_Data provided_
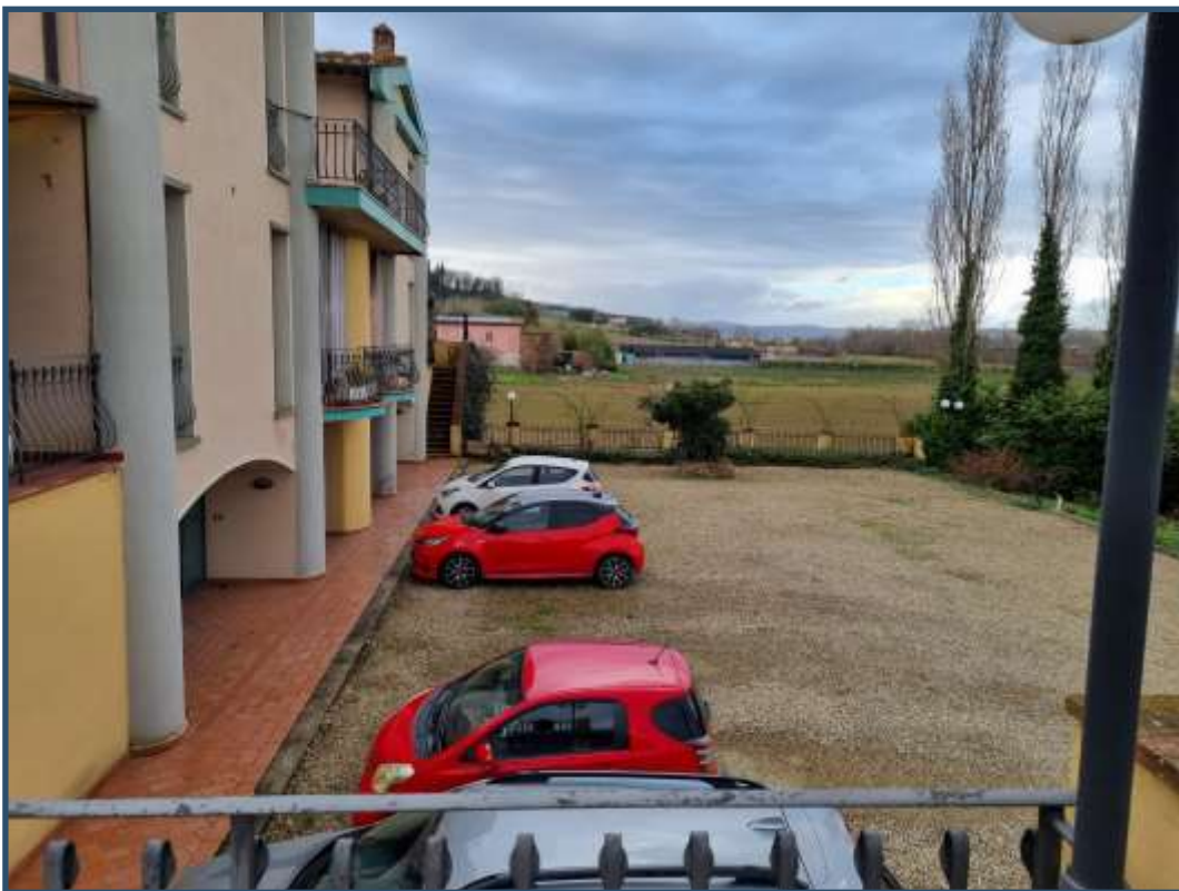
FOTO 9 PARCHEGGIO PRIVATO RESIDENCE
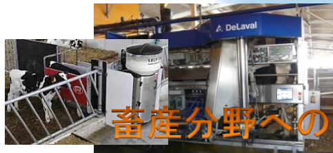
畜産分野へのロボット類導入
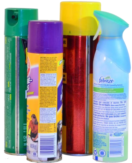
Bombes aérosol vides
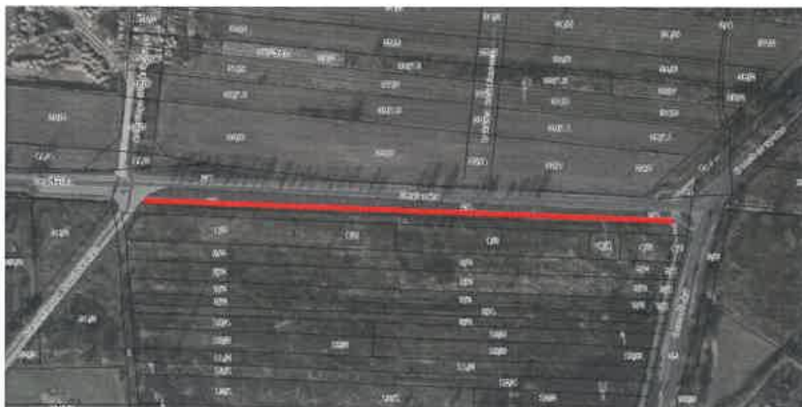
Rys. 2. Ulica Żeglarska z zaznaczonym odcinkiem chodnika umożliwiającym wykonanie ścieżki rowerowej.
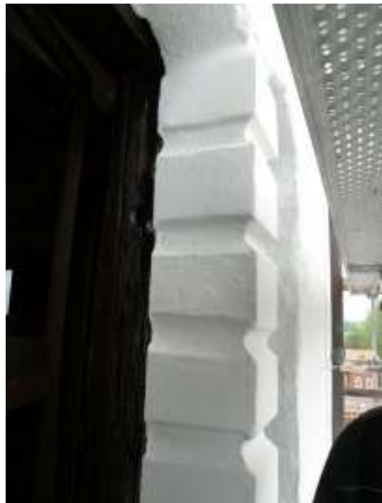
En del mindre puts-skador lagades. Bland annat putsades pelarna i ljudöppningarna om.
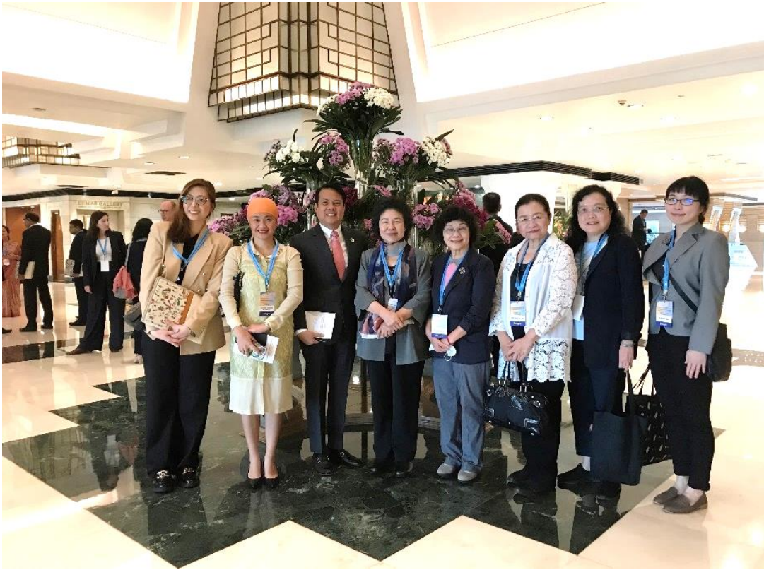
(代表團成員與菲律賓人權會成員合影)
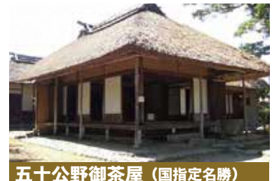
五十公野御茶屋(国指定名勝)

200年に渡る酒造りの歴史と全国屈指の大地主市島家の収蔵品を展示。日本酒の無料試飲券プレゼント！
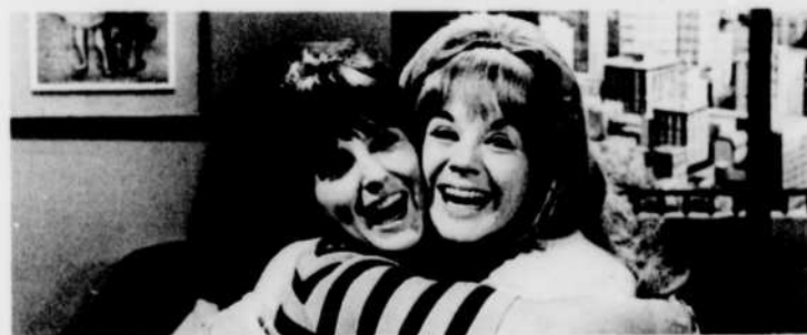
Tout heureuses que «Moi et l'autre» ait remporté le prix Mandarine, Denise et Dodo, les deux vedettes de la série, cessent de se chamailler, pour une fois, et se jettent dans les bras l'une de l'autre.
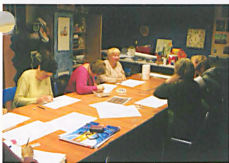
Próba odtworzenia wnętrz naszych domostw

Omówienie podczas prezentacji podstawowych zasad i stylów urządzania wnętrz było uzupełnieniem zajęć praktycznych.
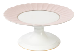
661 015 SA828CR Tortenplatte auf Fuß Dessert stand 28 cm € 585
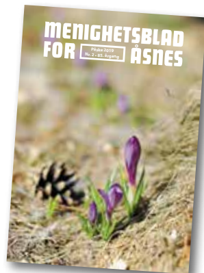
Krokus
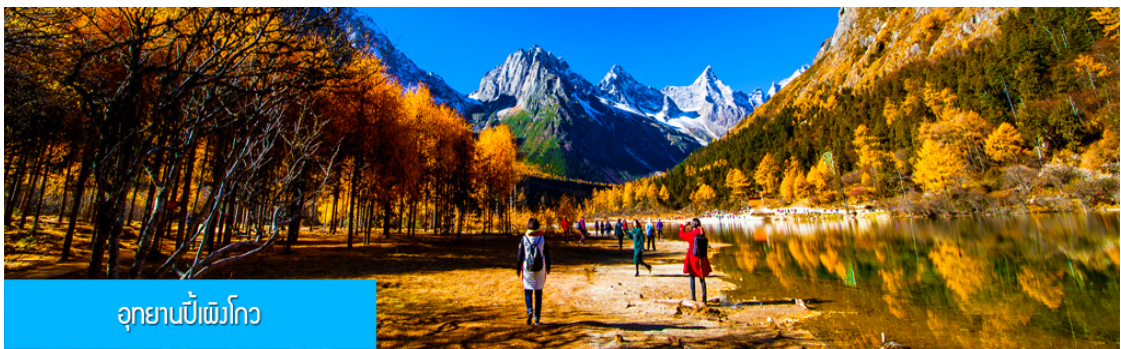
อุทยานปีเพ็งโกว
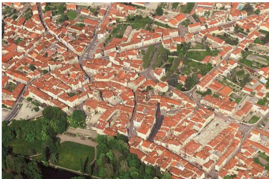
Fig. 208 - Vue aérienne du site dans les années 1990.
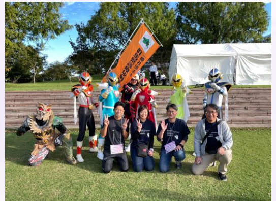
超速戦士 G-FIVEとコラボ！？
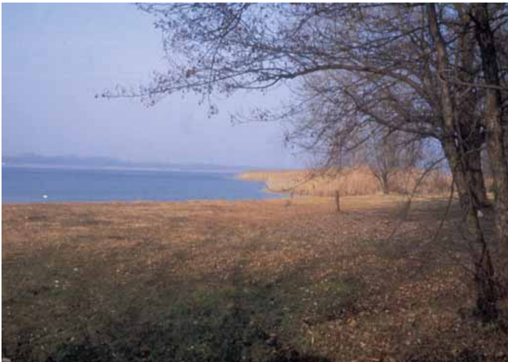
I CANNETI DI DORMELLETO

Scrivendo su queste pagine di che cosa custodirò con particolare cura nello zaino durante il "trasloco", avverto il rischio di rivelare quanto di più intimo ha caratterizzato il mio rapporto
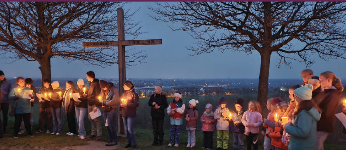
Auf dem Berg läuteten dann die Kinder der Kinderkirche ihre Glocken zu Ostern Die Jugendgruppe hat die Osternacht gemeinsam im Kirchenzentrum verbracht
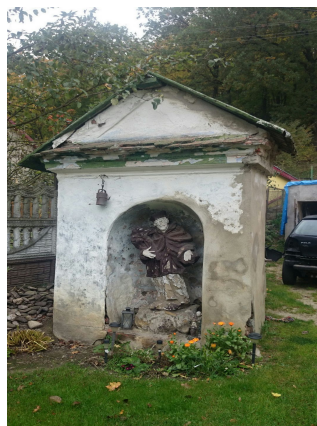
Ryc. 5. Kapliczka św. Jana Nepomucena w Krosnowicach
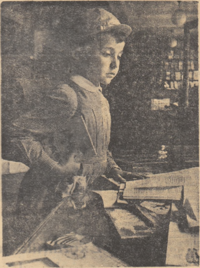
Se pare că povestea e frumoasă... Dar micul cititor e încă nehotărât. În „Librăria copiilor” sînt zeci de cărți frumoase pentru cei de vârsta lui. Pe care s-o alege mai întâi?...

Pe pajiștea verde din fața grupului de blocuri mari, frumoase, construite în anii din urmă pentru muncitorii din Orașul Stalin, au invadat un fel deosebit de flori. Au petalele ca cerul de sîrșit de mai și gingășia și frumusețea pe care numai florile de nu mă uita o pot avea. Sînt cei mai mici locatari ai cartierului muncitoresc, îmbrăcați în frumoasele lor uniforme albastre, cu funde mari, roșii la git.
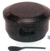
⑯ (若)いずみ飯器 溜 [SSMS-25] W 画 6 サイズ 1人用(ヘラなし) φ150×H 70 13-1082-1601 ¥1,450 2人用(ヘラ付) φ180×H100 13-1082-1602 ¥2,570 3人用(ヘラ付) φ223×H125 13-1082-1603 ¥3,450 5人用(ヘラ付) φ270×H135 13-1082-1604 ¥4,750 10人用(ヘラ付) φ322×H170 13-1082-1605 ¥7,800 材質:ABS樹脂
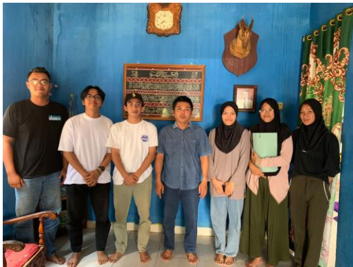
Pengisian Form Penilaian oleh Kepala Desa Sinar Jati
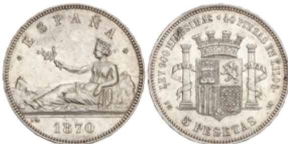
241 50 €
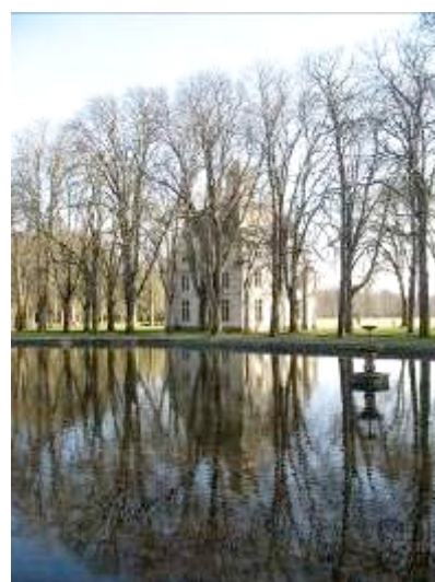
Dôme du Parc de Richelieu, vestige du château. ancien manège pour les chevaux

Plus d'informations : www.ville-richelieu.fr
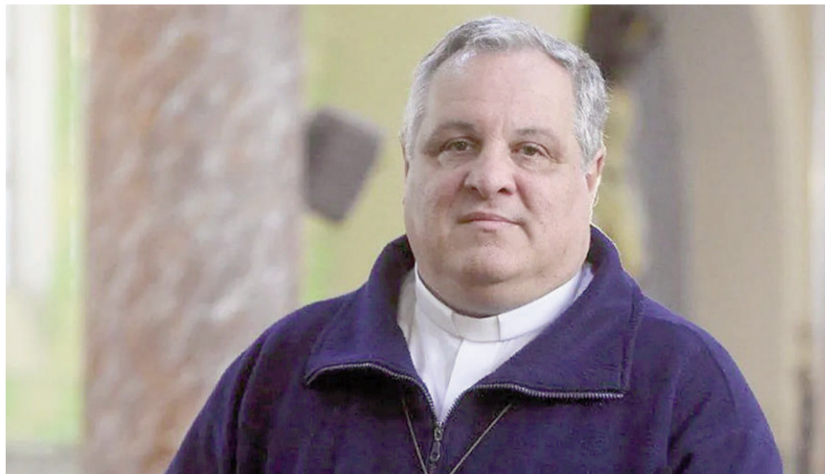
Marcelo Colombo, presidente de la Conferencia Episcopal Argentina.

En ese punto, detalló que varias instituciones dependen de esos re-
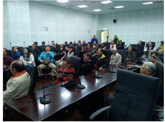
湖山淨水場多媒體簡介
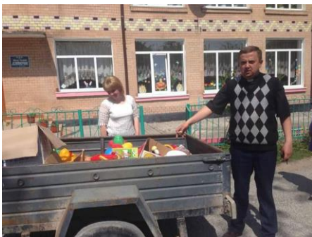
Plastic speelgoed voor een schooltje
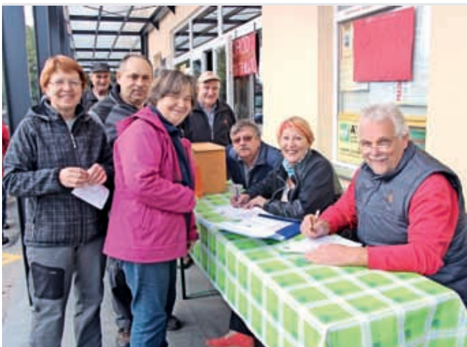
Jutranje zbiranje prijav na pohod

Ves trud je bil poplačan, ko smo videli, koliko ljudi prihaja na start. Kar 170 ljudi je hodilo, kuhalo, plesalo, igralo,
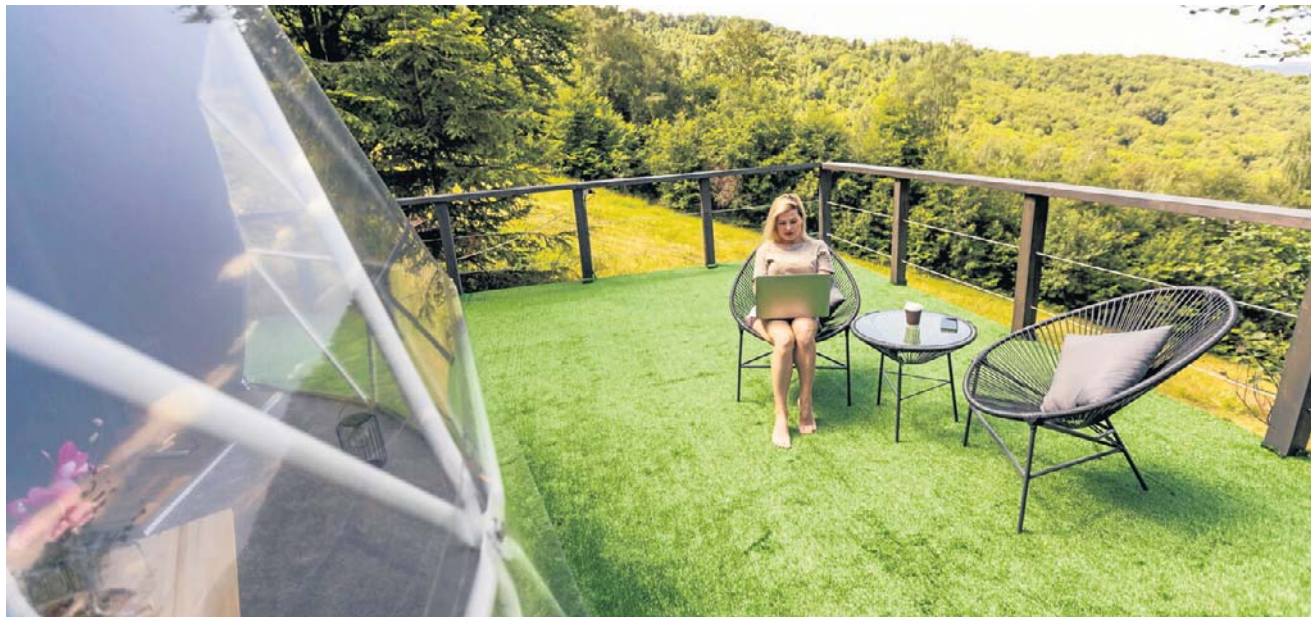
Całkowite porzucenie cywilizacji i komfortu dla wielu urlopowiczów bywa trudne. Szukają więc miejsc, gdzie jest kontakt z naturą, ale także z cyfrowym światem.

- Kto do nas przyjeżdża? Przede wszystkim mieszkańcy dużych miast. Mamy gości z Warszawy, Łodzi, Poznania, Torunia, Gdańska. Wiekowo? Jest różnie. Glampy dla par wybierają najczęściej osoby ma-

_Required action_
In the material above, which lines contain "care"? Copy each of them.

_Result for this exercise_
Se pare că povestea e frumoasă... Dar micul cititor e încă nehotărât. În „Librăria copiilor” sînt zeci de cărți frumoase pentru cei de vârsta lui. Pe care s-o alege mai întâi?...
Pe pajiștea verde din fața grupului de blocuri mari, frumoase, construite în anii din urmă pentru muncitorii din Orașul Stalin, au invadat un fel deosebit de flori. Au petalele ca cerul de sîrșit de mai și gingășia și frumusețea pe care numai florile de nu mă uita o pot avea. Sînt cei mai mici locatari ai cartierului muncitoresc, îmbrăcați în frumoasele lor uniforme albastre, cu funde mari, roșii la git.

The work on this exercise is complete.